*Your instructions*.
Write the listing out again word for word, excluding any pictures.

*Information supplied*.
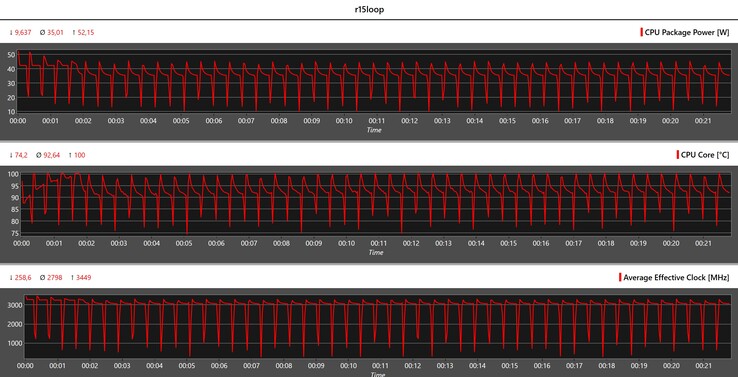 Con el bucle continuo Cinebench R15, obtuvimos nuestro primer vistazo a la eficiencia del sistema de refrigeración instalado y cómo interactúa con el consumo de energía del procesador. Inicialmente, observamos el mejor resultado que también iba acompañado del mayor consumo de energía. En cuanto a las temperaturas, sólo registramos 100 °C al inicio de la segunda ejecución. Esto significa que el rendimiento tuvo que reducirse un poco. Este destino afecta a casi todos los dispositivos que funcionan bajo carga continua. La reducción del rendimiento del Geekom A5 es significativamente menor y, en comparación, nuestra muestra de revisión obtuvo el mejor resultado en 50 ejecuciones (1.715 puntos). En la misma prueba, elMinisforum Serie Venus NAB6sólo consiguió una media de 1.627 puntos.
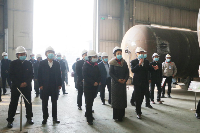 省川渝商會和市工商聯領導一行在誠德公司總經理向文麗的陪同下,參觀了公司的生產車間,并進行了座談。總經理向文麗向大家簡單作了工作匯報,領導在聽取了誠德公司的工作進展情況后,對公司的發展前景持以肯定的態度,對公司應援武漢雷神山醫院液氧儲罐的事跡進行了高度的贊揚,并大力弘揚勞動精神,使大家牢記“偉大出自平凡,英雄來自人民”。隨后對當前工作開展中遇到的問題提出指導性意見,她勉勵大家不畏艱難困苦,致力創業發展,離土離鄉不離黨,高舉黨旗闖市場。
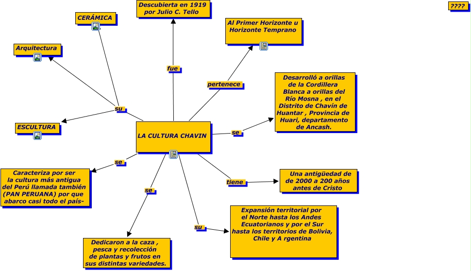 Este Cmap, tiene información relacionada con: La cultura chavin, LA CULTURA CHAVIN su CERÁMICA, LA CULTURA CHAVIN se Dedicaron a la caza , pesca y recolección de plantas y frutos en sus distintas variedades., LA CULTURA CHAVIN su Expansión territorial por el Norte hasta los Andes Ecuatorianos y por el Sur hasta los territorios de Bolivia, Chile y A rgentina, LA CULTURA CHAVIN su Arquitectura, LA CULTURA CHAVIN fue Descubierta en 1919 por Julio C. Tello, LA CULTURA CHAVIN se Desarrolló a orillas de la Cordillera Blanca a orillas del Río Mosna , en el Distrito de Chavín de Huantar , Provincia de Huari, departamento de Ancash., LA CULTURA CHAVIN tiene Una antigüedad de de 2000 a 200 años antes de Cristo, LA CULTURA CHAVIN su ESCULTURA, LA CULTURA CHAVIN se Caracteriza por ser la cultura más antigua del Perú llamada también (PAN PERUANA) por que abarco casi todo el país-, LA CULTURA CHAVIN pertenece Al Primer Horizonte u Horizonte Temprano
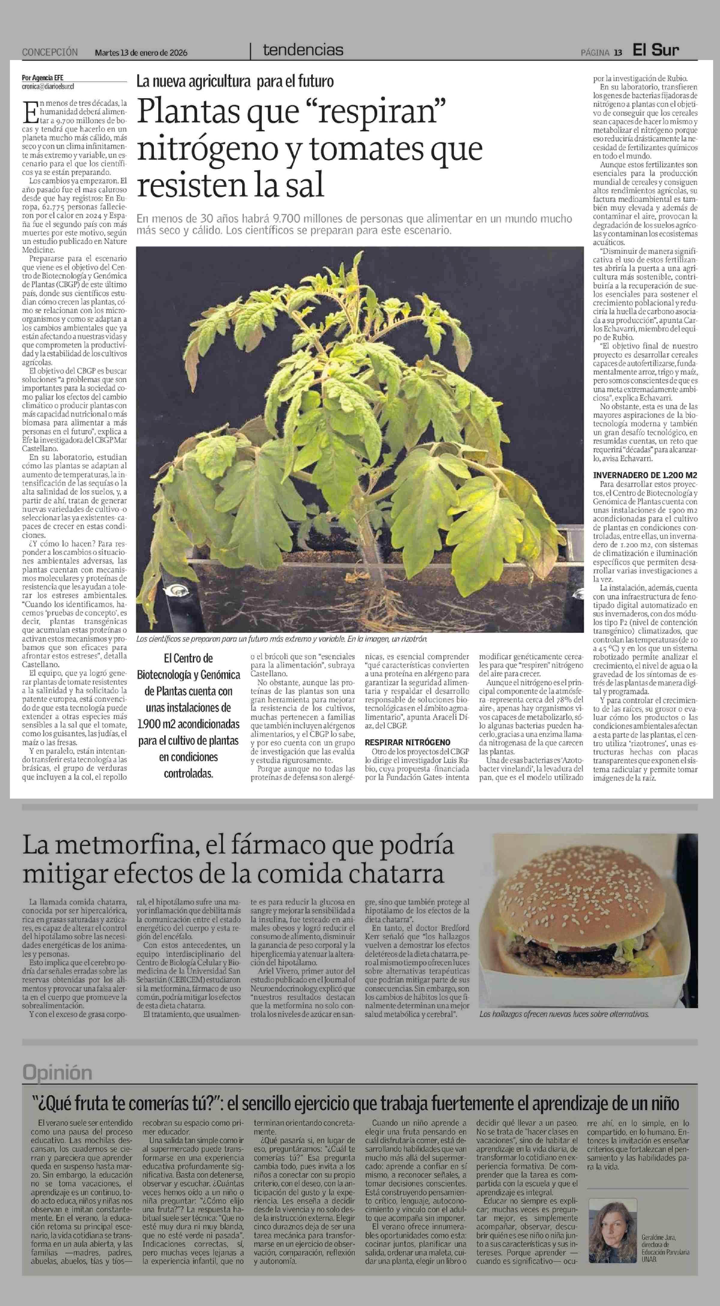 Título: Plantas que "respiran" nitrógeno y tomates que resisten la sal

*Answer box*.
 Con el bucle continuo Cinebench R15, obtuvimos nuestro primer vistazo a la eficiencia del sistema de refrigeración instalado y cómo interactúa con el consumo de energía del procesador. Inicialmente, observamos el mejor resultado que también iba acompañado del mayor consumo de energía. En cuanto a las temperaturas, sólo registramos 100 °C al inicio de la segunda ejecución. Esto significa que el rendimiento tuvo que reducirse un poco. Este destino afecta a casi todos los dispositivos que funcionan bajo carga continua. La reducción del rendimiento del Geekom A5 es significativamente menor y, en comparación, nuestra muestra de revisión obtuvo el mejor resultado en 50 ejecuciones (1.715 puntos). En la misma prueba, elMinisforum Serie Venus NAB6sólo consiguió una media de 1.627 puntos.
 省川渝商會和市工商聯領導一行在誠德公司總經理向文麗的陪同下,參觀了公司的生產車間,并進行了座談。總經理向文麗向大家簡單作了工作匯報,領導在聽取了誠德公司的工作進展情況后,對公司的發展前景持以肯定的態度,對公司應援武漢雷神山醫院液氧儲罐的事跡進行了高度的贊揚,并大力弘揚勞動精神,使大家牢記“偉大出自平凡,英雄來自人民”。隨后對當前工作開展中遇到的問題提出指導性意見,她勉勵大家不畏艱難困苦,致力創業發展,離土離鄉不離黨,高舉黨旗闖市場。
 Este Cmap, tiene información relacionada con: La cultura chavin, LA CULTURA CHAVIN su CERÁMICA, LA CULTURA CHAVIN se Dedicaron a la caza , pesca y recolección de plantas y frutos en sus distintas variedades., LA CULTURA CHAVIN su Expansión territorial por el Norte hasta los Andes Ecuatorianos y por el Sur hasta los territorios de Bolivia, Chile y A rgentina, LA CULTURA CHAVIN su Arquitectura, LA CULTURA CHAVIN fue Descubierta en 1919 por Julio C. Tello, LA CULTURA CHAVIN se Desarrolló a orillas de la Cordillera Blanca a orillas del Río Mosna , en el Distrito de Chavín de Huantar , Provincia de Huari, departamento de Ancash., LA CULTURA CHAVIN tiene Una antigüedad de de 2000 a 200 años antes de Cristo, LA CULTURA CHAVIN su ESCULTURA, LA CULTURA CHAVIN se Caracteriza por ser la cultura más antigua del Perú llamada también (PAN PERUANA) por que abarco casi todo el país-, LA CULTURA CHAVIN pertenece Al Primer Horizonte u Horizonte Temprano
 Título: Plantas que "respiran" nitrógeno y tomates que resisten la sal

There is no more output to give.